=== Section Start ===
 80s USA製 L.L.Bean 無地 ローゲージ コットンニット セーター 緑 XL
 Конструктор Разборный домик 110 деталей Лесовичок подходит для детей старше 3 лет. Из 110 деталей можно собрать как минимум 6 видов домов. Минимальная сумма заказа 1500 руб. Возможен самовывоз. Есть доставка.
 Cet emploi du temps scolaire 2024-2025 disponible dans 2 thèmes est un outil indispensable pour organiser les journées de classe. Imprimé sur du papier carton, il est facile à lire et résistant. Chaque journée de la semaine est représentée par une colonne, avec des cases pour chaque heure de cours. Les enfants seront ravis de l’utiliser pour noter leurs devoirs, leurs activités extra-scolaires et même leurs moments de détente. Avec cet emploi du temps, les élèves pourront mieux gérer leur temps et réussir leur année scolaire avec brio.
=== Section End ===
=== Section Start ===
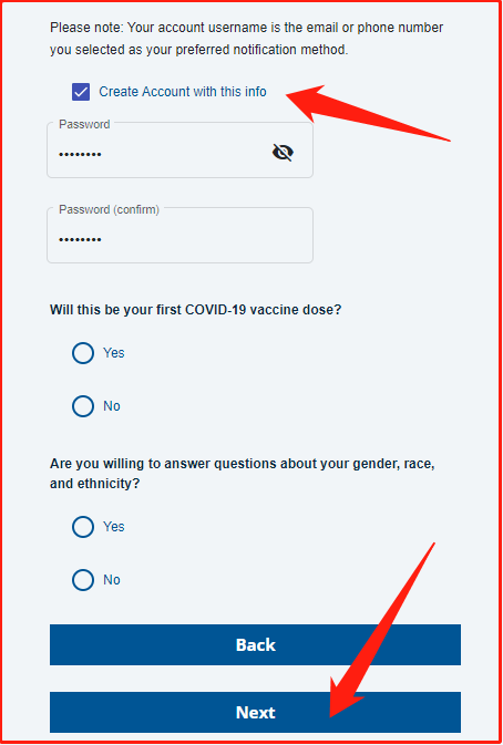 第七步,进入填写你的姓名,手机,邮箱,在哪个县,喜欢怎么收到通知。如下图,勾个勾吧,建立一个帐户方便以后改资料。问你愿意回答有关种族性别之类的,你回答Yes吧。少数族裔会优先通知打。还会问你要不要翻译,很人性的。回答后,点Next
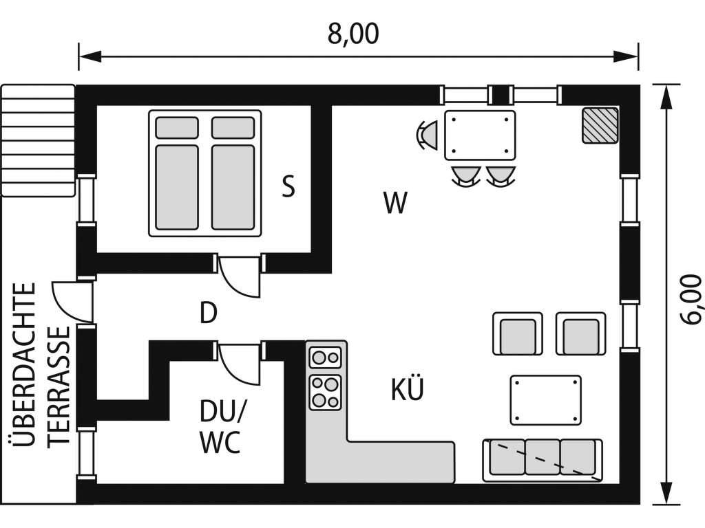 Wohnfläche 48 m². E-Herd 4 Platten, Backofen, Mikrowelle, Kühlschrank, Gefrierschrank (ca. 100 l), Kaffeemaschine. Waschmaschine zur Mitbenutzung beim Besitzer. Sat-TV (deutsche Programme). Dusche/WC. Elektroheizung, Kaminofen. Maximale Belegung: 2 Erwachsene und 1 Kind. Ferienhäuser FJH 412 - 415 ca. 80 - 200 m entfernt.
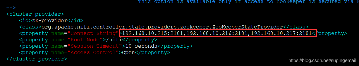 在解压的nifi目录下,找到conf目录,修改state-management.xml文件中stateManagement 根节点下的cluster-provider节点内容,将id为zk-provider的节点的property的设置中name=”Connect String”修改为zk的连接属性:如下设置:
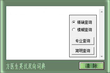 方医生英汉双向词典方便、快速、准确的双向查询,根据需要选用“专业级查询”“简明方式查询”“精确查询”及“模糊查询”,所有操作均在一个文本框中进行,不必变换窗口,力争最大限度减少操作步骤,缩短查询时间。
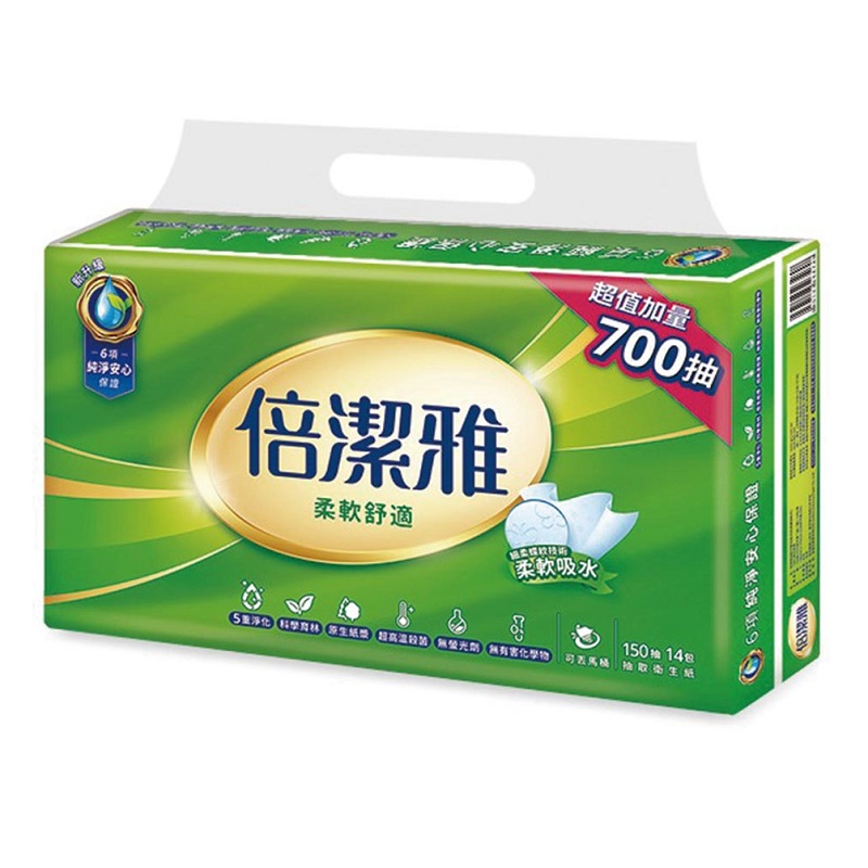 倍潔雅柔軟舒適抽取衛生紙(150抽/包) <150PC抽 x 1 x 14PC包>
=== Section End ===
**About this exercise**
Starting at the line above that contains "80s USA製 L.L.Bean 無地 ローゲージ コットンニット セーター 緑 XL", repeat each line exactly up to and including the line that contains "Cet emploi du temps scolaire", and stop there.

**Output for this task**
 80s USA製 L.L.Bean 無地 ローゲージ コットンニット セーター 緑 XL
 Конструктор Разборный домик 110 деталей Лесовичок подходит для детей старше 3 лет. Из 110 деталей можно собрать как минимум 6 видов домов. Минимальная сумма заказа 1500 руб. Возможен самовывоз. Есть доставка.
 Cet emploi du temps scolaire 2024-2025 disponible dans 2 thèmes est un outil indispensable pour organiser les journées de classe. Imprimé sur du papier carton, il est facile à lire et résistant. Chaque journée de la semaine est représentée par une colonne, avec des cases pour chaque heure de cours. Les enfants seront ravis de l’utiliser pour noter leurs devoirs, leurs activités extra-scolaires et même leurs moments de détente. Avec cet emploi du temps, les élèves pourront mieux gérer leur temps et réussir leur année scolaire avec brio.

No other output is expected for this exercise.